TASK DESCRIPTION ::
Once the images are set aside, print the remaining lines below exactly.

EXERCISE MATERIALS ::

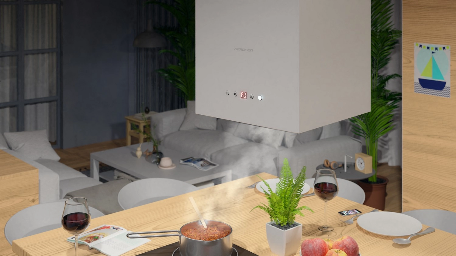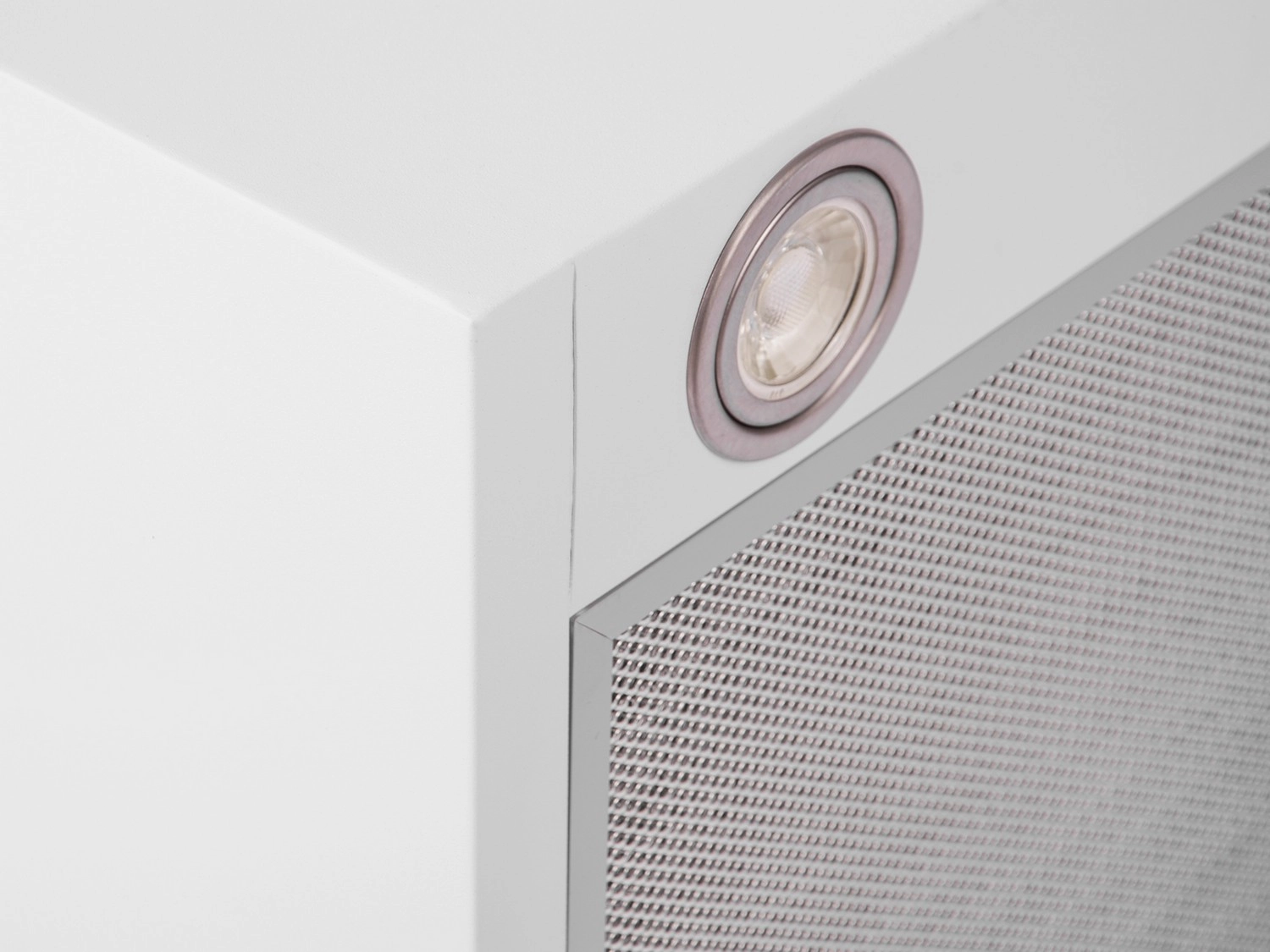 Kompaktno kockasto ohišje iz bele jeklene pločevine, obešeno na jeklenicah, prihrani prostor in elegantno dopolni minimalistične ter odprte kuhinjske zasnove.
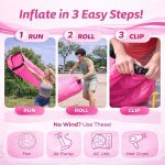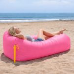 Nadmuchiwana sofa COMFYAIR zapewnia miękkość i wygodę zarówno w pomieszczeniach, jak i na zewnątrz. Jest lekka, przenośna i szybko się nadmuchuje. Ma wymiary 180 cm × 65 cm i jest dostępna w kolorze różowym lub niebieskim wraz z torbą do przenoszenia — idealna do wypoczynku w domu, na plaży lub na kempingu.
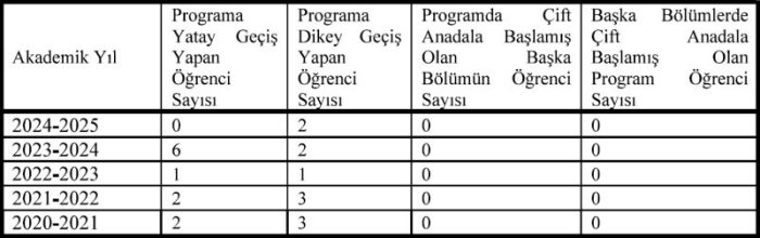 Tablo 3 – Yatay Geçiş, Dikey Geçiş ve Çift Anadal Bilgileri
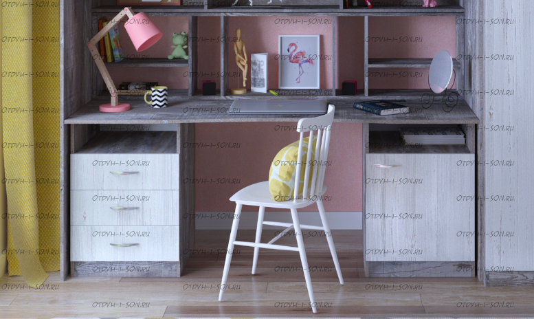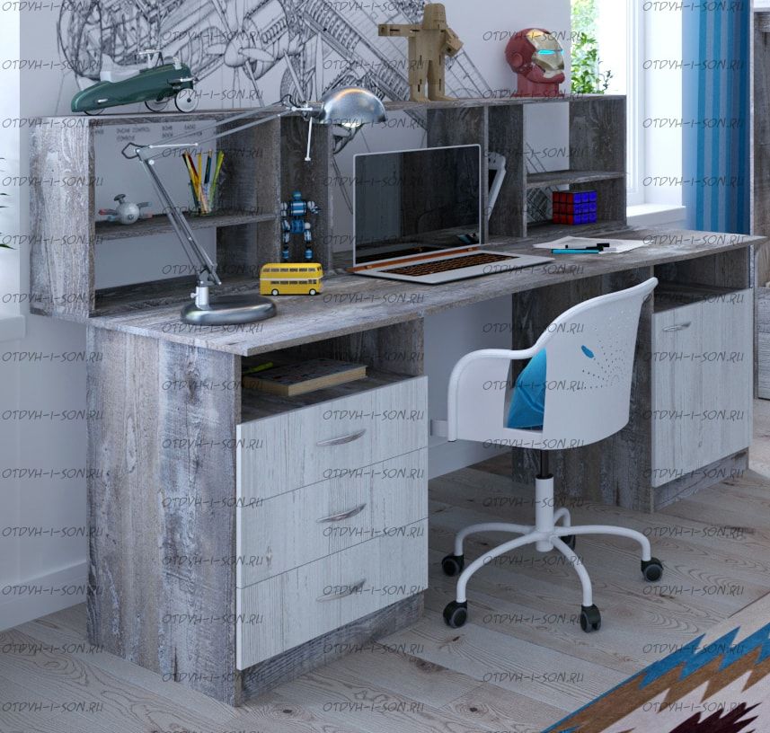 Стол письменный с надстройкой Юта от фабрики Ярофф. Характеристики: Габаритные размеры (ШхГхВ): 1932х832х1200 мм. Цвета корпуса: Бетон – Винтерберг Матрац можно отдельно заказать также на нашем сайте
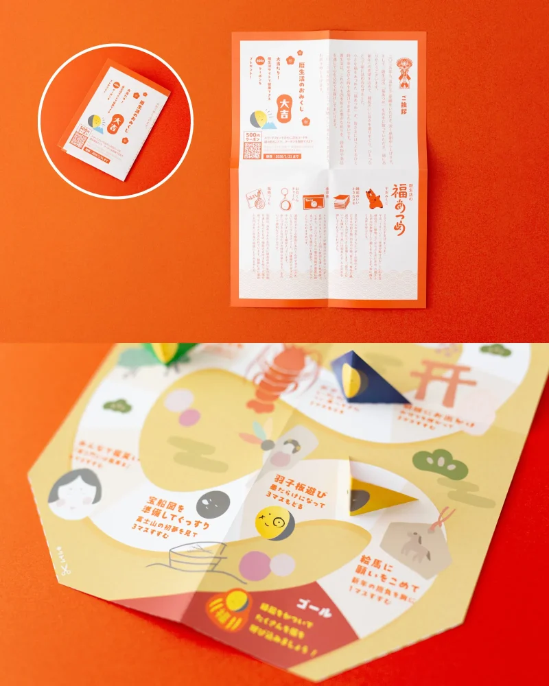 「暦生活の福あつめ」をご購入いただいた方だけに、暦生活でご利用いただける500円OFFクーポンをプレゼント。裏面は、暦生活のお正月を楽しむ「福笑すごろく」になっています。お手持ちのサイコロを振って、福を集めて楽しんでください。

REPLY ::
 Kompaktno kockasto ohišje iz bele jeklene pločevine, obešeno na jeklenicah, prihrani prostor in elegantno dopolni minimalistične ter odprte kuhinjske zasnove.
 Nadmuchiwana sofa COMFYAIR zapewnia miękkość i wygodę zarówno w pomieszczeniach, jak i na zewnątrz. Jest lekka, przenośna i szybko się nadmuchuje. Ma wymiary 180 cm × 65 cm i jest dostępna w kolorze różowym lub niebieskim wraz z torbą do przenoszenia — idealna do wypoczynku w domu, na plaży lub na kempingu.
 Tablo 3 – Yatay Geçiş, Dikey Geçiş ve Çift Anadal Bilgileri
 Стол письменный с надстройкой Юта от фабрики Ярофф. Характеристики: Габаритные размеры (ШхГхВ): 1932х832х1200 мм. Цвета корпуса: Бетон – Винтерберг Матрац можно отдельно заказать также на нашем сайте
 「暦生活の福あつめ」をご購入いただいた方だけに、暦生活でご利用いただける500円OFFクーポンをプレゼント。裏面は、暦生活のお正月を楽しむ「福笑すごろく」になっています。お手持ちのサイコロを振って、福を集めて楽しんでください。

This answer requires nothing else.